Itinerari

Trekking nelle campagne di Mineo: tra storia, cultura e natura

Una giornata dedicata alla natura a cura di Biacco Trekking alla scoperta della “Rocca del Topo”.

In territorio di Mineo l’area definita del Monte Catalfaro, toponimo di chiara origine araba, è un pianoro roccioso di origine vulcanica da cui si apre uno struggente panorama sulla sottostante Piana di Catania.

L’area del Catalfaro è senz’altro un ‘area di straordinario interesse naturalistico, storico e letterario.
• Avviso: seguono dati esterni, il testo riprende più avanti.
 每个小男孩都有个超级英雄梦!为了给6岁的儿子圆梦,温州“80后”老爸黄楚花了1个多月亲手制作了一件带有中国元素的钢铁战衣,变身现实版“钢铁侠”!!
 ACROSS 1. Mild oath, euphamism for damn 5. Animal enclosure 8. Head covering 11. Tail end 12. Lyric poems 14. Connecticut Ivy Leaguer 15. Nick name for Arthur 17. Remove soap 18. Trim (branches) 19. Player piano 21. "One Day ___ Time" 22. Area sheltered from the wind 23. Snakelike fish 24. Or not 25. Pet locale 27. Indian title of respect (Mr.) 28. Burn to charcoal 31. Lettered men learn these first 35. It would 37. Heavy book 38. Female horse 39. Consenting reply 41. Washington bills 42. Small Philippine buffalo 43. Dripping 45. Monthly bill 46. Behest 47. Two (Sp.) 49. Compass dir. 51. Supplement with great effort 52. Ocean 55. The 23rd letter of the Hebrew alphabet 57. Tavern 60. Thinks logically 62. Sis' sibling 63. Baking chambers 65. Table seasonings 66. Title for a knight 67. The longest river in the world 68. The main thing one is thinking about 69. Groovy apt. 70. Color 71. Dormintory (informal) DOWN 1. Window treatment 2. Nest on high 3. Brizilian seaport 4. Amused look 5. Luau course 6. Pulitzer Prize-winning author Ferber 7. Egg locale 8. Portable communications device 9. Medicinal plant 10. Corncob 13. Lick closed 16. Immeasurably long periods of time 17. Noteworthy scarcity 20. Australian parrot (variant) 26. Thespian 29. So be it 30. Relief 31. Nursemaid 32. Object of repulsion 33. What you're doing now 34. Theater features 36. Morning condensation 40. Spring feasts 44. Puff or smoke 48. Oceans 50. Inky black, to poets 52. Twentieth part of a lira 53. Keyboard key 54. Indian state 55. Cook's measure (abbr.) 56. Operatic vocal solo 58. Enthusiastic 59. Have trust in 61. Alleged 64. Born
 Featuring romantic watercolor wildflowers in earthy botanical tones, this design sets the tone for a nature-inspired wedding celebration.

Il trekking avrà inizio sul costone calcareo su cui giace “Villa Santa Margherita” la residenza estiva del noto scrittore Luigi Capuna e sarà qui che si scoprirà il “dilemma della Lupa” protagonista dell’omonimo romanzo verghiano, i racconti del “nuzzaro” Scurpiddu che con i suoi tacchini muoveva i suoi passi proprio sui fianchi do “Munti”, il Catalfaro nell’800.
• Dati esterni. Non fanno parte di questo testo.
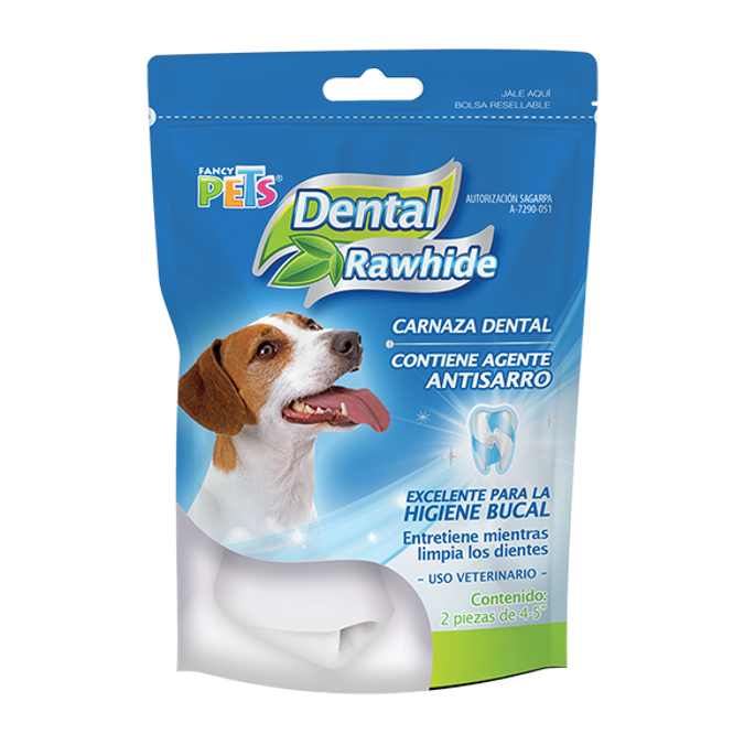 La carnaza dental (10-13 CM) contiene hexametafosfato de sodio, agente antisarro que actúa como quelante del calcio presente en la saliva. La administración contante de este producto contribuye a la reducción del sarro denta, previene enfermedades bucales y ayuda con el control del mal aliento.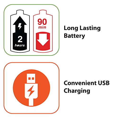 Ultra Powerful Battery: Up to 90 minutes of cordless use, after 2 hours of charging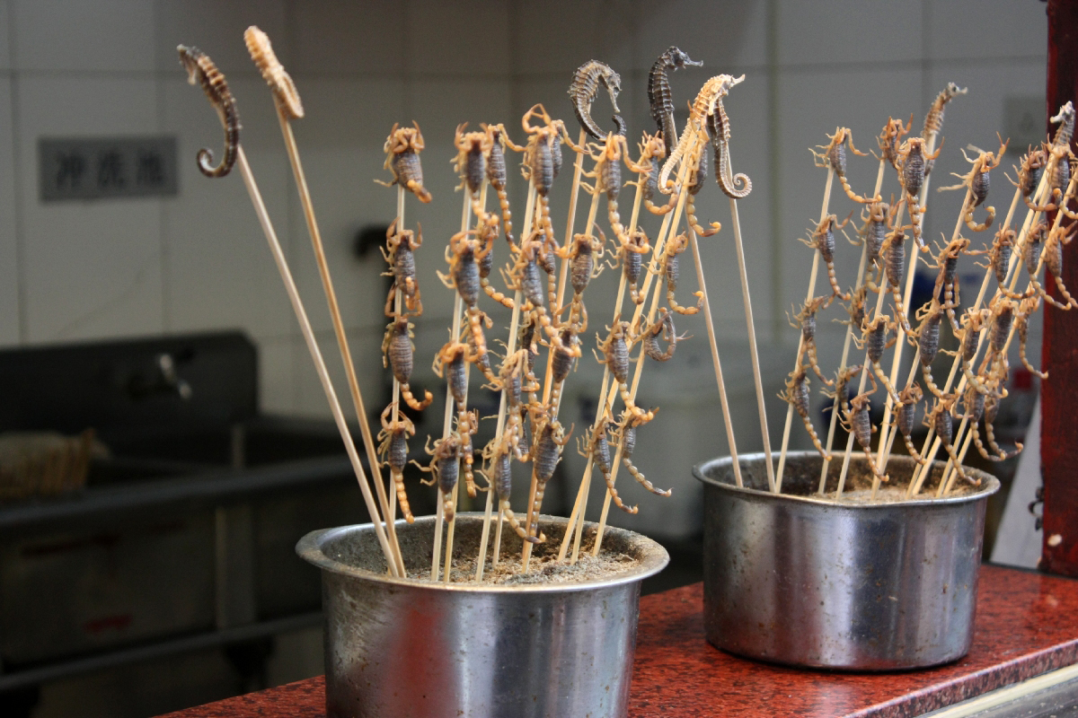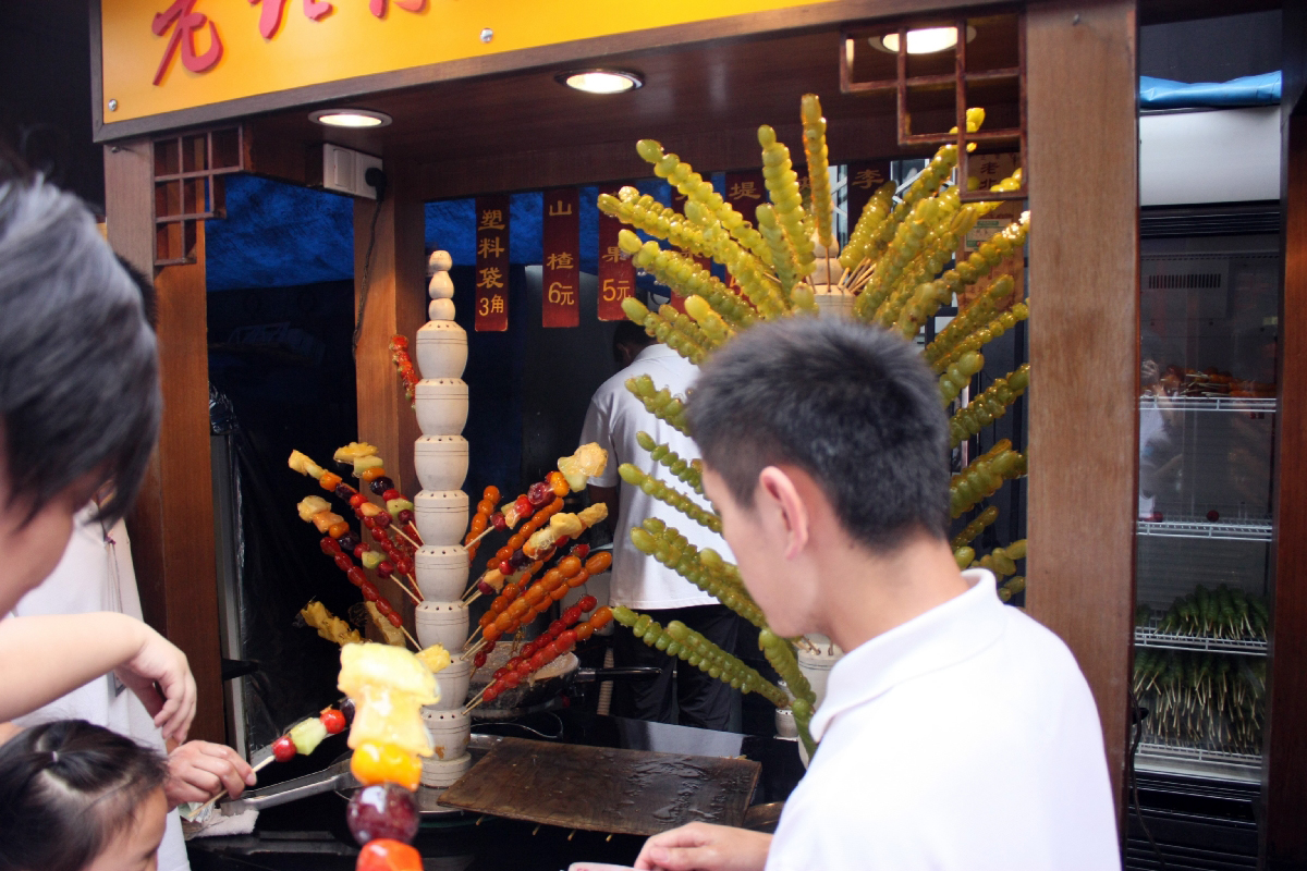 왕푸징을 이야기할 때 빼놓을 수 없는 것이 바로 과거의 왕푸징 꼬치거리다. 한때 골목 안쪽에 형성되었던 노점 거리에는 양꼬치, 전갈·해마·지네 같은 이색 꼬치, 탕후루와 군밤까지 온갖 길거리 음식이 모여 있었다. 이곳은 베이징을 찾은 관광객이라면 반드시 들르는 명소로, ‘중국식 길거리 음식의 상징’처럼 소비되기도 했다. 그러나 위생 문제와 도시 정비 정책으로 노점 꼬치거리는 점차 정리되었고, 지금은 과거의 모습 그대로를 찾기는 어렵다. 대신 일부 전통 간식과 음식 문화는 실내 상가와 정식 매장 형태로 재편되어 명맥을 이어가고 있다.

Si scenderà nella profonda gola del Vallone “Lamia” incisa dall’omonimo fiume, ormai ridotto a ruscello, tipico esempio di “cava” del tavolato Ibleo.

Tra una vegetazione ricca e rigogliosa vedremo da lontano la grotta del “Drafone” o rinominata dai locali “Grotta di Sant’Agrippina” da cui deriva la leggenda della vergine e martire protocristiana patrona del centro abitato Ibleo.

Si punterà verso “la piana” o valle dei Margi e dopo aver costeggiato gli aranceti e respirato i primi profumi di zagara si risaliranno le pendici ad est del Catalfaro passando dalla necropoli di “Porrazzelle”, testimonianza di straordinaria importanza storica in quanto dimostra che già in epoca sicula la zona del Catalfaro fosse sede di insediamenti umani.

Da Porrazzelle si salirà fino alla cima di Monte Catalfaro a quota 518 m.s.l.m da cui si avrà modo di ammirare un panorama mozzafiato che si apre su tutta la Sicilia Centro orientale e settentronale: Madonie, Nebrodi, Etna e la vasta Piana di Catania.

Da qui ci si avvierà a concludere l’escursione ritornando alla celebre dimora di Villa Santa Margherita da cui si è partiti.

Informazioni tecniche:
Il percorso è ad anello, pertanto si ritornerà al punto di partenza. La lunghezza è di circa 9 km ma per la tipologia di percorso composto da carrarecce e mulattiere molto strette e i dislivelli, da 180 m.s.l.m il punto più basso fino ai 518 m.s.l.m la cima del Catalfaro, è di media difficoltà.

Si consiglia un adeguato abbigliamento da trekking: Scarpe, pantaloni, zaino e abbigliamento a strati per un buon confort e sicurezza durante l’escursione.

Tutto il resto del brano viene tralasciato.